### Your assignment
Output the first line below and each one after it, exactly, up to and including the line holding "2016 International Transtar". Pictures should not be copied.

Start of Stored data

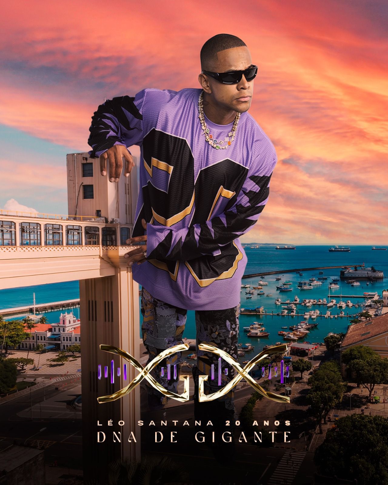 O GG Léo Santana celebra, em 2025, duas décadas de uma trajetória marcada por luta, superação e sucesso. Para comemorar em grande estilo os 20 anos de carreira, o gigante da Bahia vai presentear os fãs e sua cidade natal com um show gratuito, durante o qual será gravado o audiovisual “Léo Santana – DNA de Gigante”.
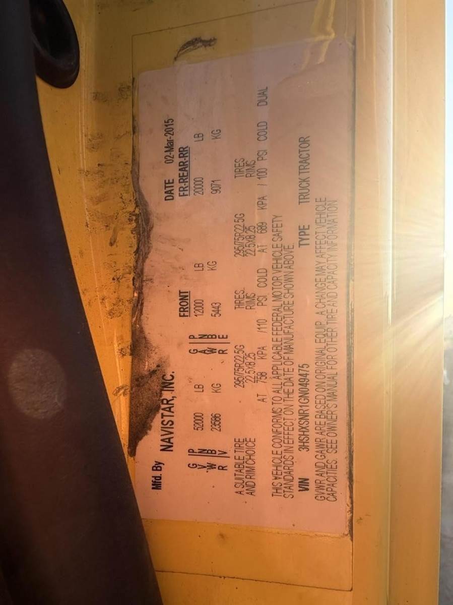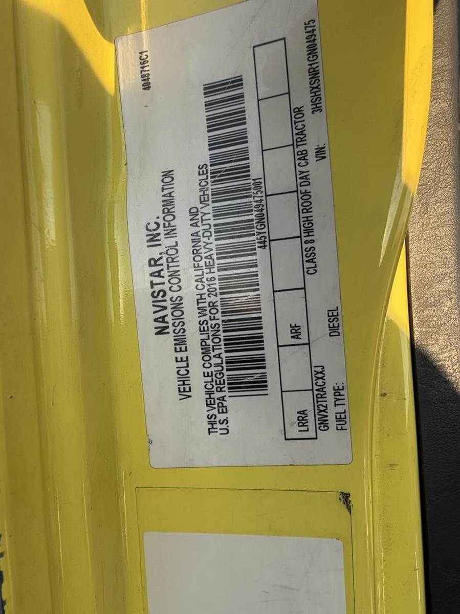 2016 International Transtar 8600 Tandem Axle Day Cab, International N13 410HP Engine, Manual 10 Spd Fuller FR14210B Transmission, 52,000 GVW, 12,000# MFS-12 Front Axle, 40,000# Meritor MR2014X Rear Axle, 2.47 Ratio, 173" Wheelbase (CA/CT-112" EOF-164"), Front Tires: 295/75R22.5 (10/32) - Rear Tires: 295/80R22.5 (13/32), Steel Wheels, Aluminum 70/70 Fuel Tanks, Air Brakes 50%, AC, Cruise, Engine Brake, Air Slide 5th-Wheel, Power Steering, Tilting, Air Ride/Fixed Seats
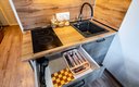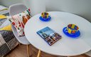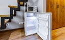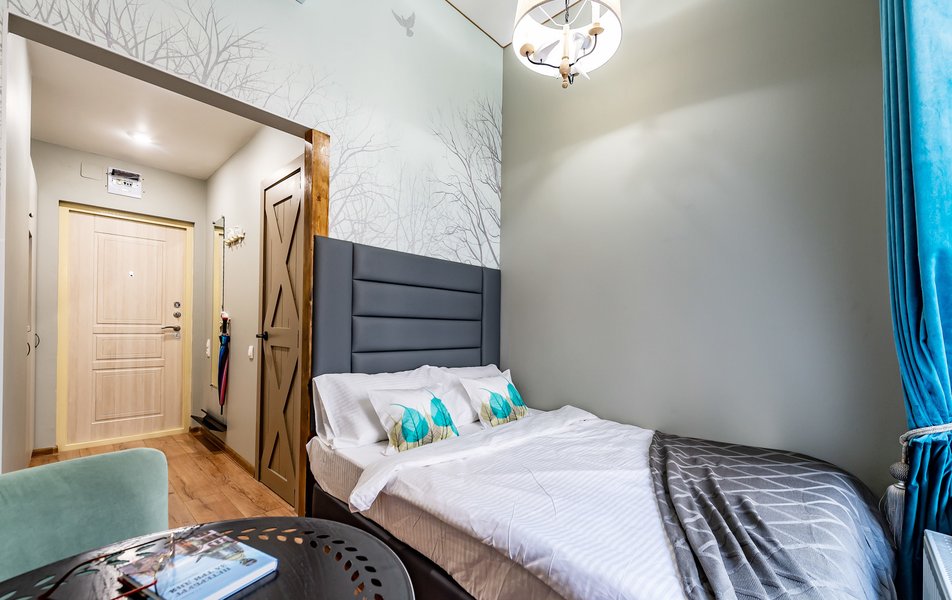 Внутреннее пространство апартаментов полностью готово для комфортного проживания. Здесь оборудовано спальное место с ортопедическим матрасом, обеспечивающим здоровый сон. На кухне установлена варочная поверхность, холодильник, СВЧ-печь и электрический чайник; предусмотрен полный набор посуды и столовых приборов для приготовления и приема пищи. В совмещенном санузле гостей ожидают банные принадлежности и средства гигиены. К приятным мелочам, создающим ощущение домашнего уюта, относятся постельное белье, полотенца, а также беспроводной высокоскоростной Wi-Fi и телевизор. Для тех, кто хочет сделать пребывание еще более комфортным, доступен ряд дополнительных опций: поддерживающая уборка, смена белья и полотенец, предоставление тапочек и дополнительного одеяла, а также возможность размещения с питомцами.

End of Stored data

### Result of the exercise
 O GG Léo Santana celebra, em 2025, duas décadas de uma trajetória marcada por luta, superação e sucesso. Para comemorar em grande estilo os 20 anos de carreira, o gigante da Bahia vai presentear os fãs e sua cidade natal com um show gratuito, durante o qual será gravado o audiovisual “Léo Santana – DNA de Gigante”.
 2016 International Transtar 8600 Tandem Axle Day Cab, International N13 410HP Engine, Manual 10 Spd Fuller FR14210B Transmission, 52,000 GVW, 12,000# MFS-12 Front Axle, 40,000# Meritor MR2014X Rear Axle, 2.47 Ratio, 173" Wheelbase (CA/CT-112" EOF-164"), Front Tires: 295/75R22.5 (10/32) - Rear Tires: 295/80R22.5 (13/32), Steel Wheels, Aluminum 70/70 Fuel Tanks, Air Brakes 50%, AC, Cruise, Engine Brake, Air Slide 5th-Wheel, Power Steering, Tilting, Air Ride/Fixed Seats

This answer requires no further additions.